#### What you are asked to do
The following data needs to be repeated exactly, with all images excluded.

#### Dataset content
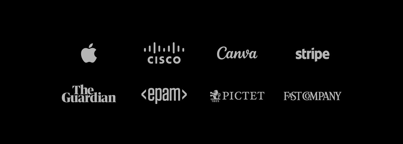 Over the years I’ve had the opportunity to work with clients such as Apple, Cisco, Stripe, Fast Company, The Guardian and Canva.
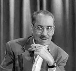 Marx enjoys the second career that television has afforded him. "Next to robbing a bank, it's about the easiest of all," he says of hosting You Bet Your Life. "But this is the culmination of years of hard knocks, believe me. Maybe I've earned this kind of job." He still remembers his struggle to make it in show business, starting in 1906 when he was 11. It's been a nomadic life, working the vaudeville circuit before making it big in Hollywood. But now he lives comfortably in Beverly Hills, spends time with old friends and his children, and hosting his weekly show. And after 40 years, he's learned to be unflappable, even when confronted with his sometimes colorful contestants, including a woman with two husbands named Bodovnic (must be something in the water), triplet sisters from Russia, and an Irish janitor working in a synagogue. "I've never been stumped yet," he says. "I guess those years of trouping do something for you.t t t
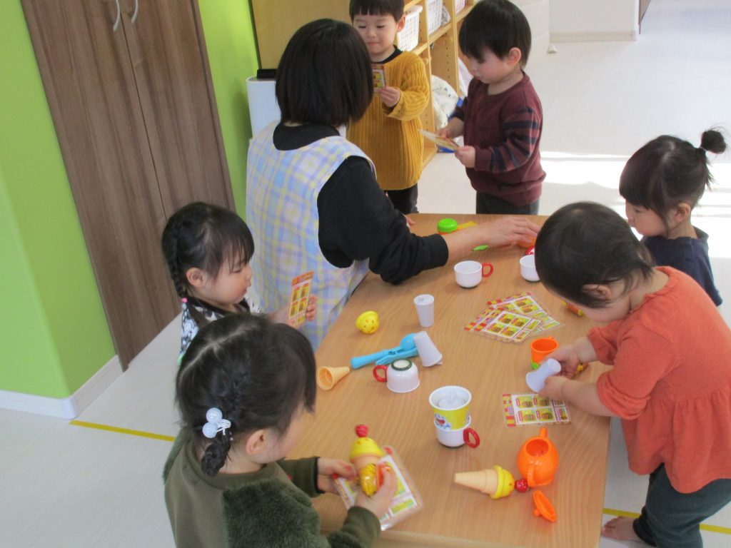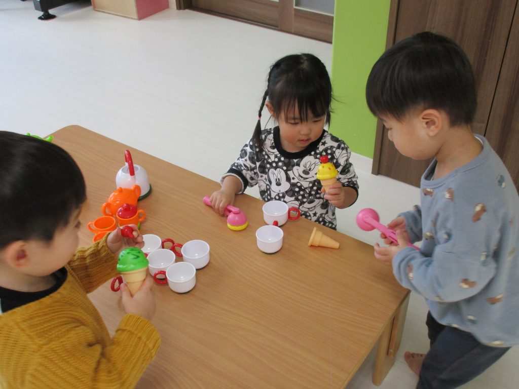 アイスクリーム屋さんの玩具でお店やさんごっこをして遊びました(^_^)

#### Task answer
 Over the years I’ve had the opportunity to work with clients such as Apple, Cisco, Stripe, Fast Company, The Guardian and Canva.
 Marx enjoys the second career that television has afforded him. "Next to robbing a bank, it's about the easiest of all," he says of hosting You Bet Your Life. "But this is the culmination of years of hard knocks, believe me. Maybe I've earned this kind of job." He still remembers his struggle to make it in show business, starting in 1906 when he was 11. It's been a nomadic life, working the vaudeville circuit before making it big in Hollywood. But now he lives comfortably in Beverly Hills, spends time with old friends and his children, and hosting his weekly show. And after 40 years, he's learned to be unflappable, even when confronted with his sometimes colorful contestants, including a woman with two husbands named Bodovnic (must be something in the water), triplet sisters from Russia, and an Irish janitor working in a synagogue. "I've never been stumped yet," he says. "I guess those years of trouping do something for you.t t t
 アイスクリーム屋さんの玩具でお店やさんごっこをして遊びました(^_^)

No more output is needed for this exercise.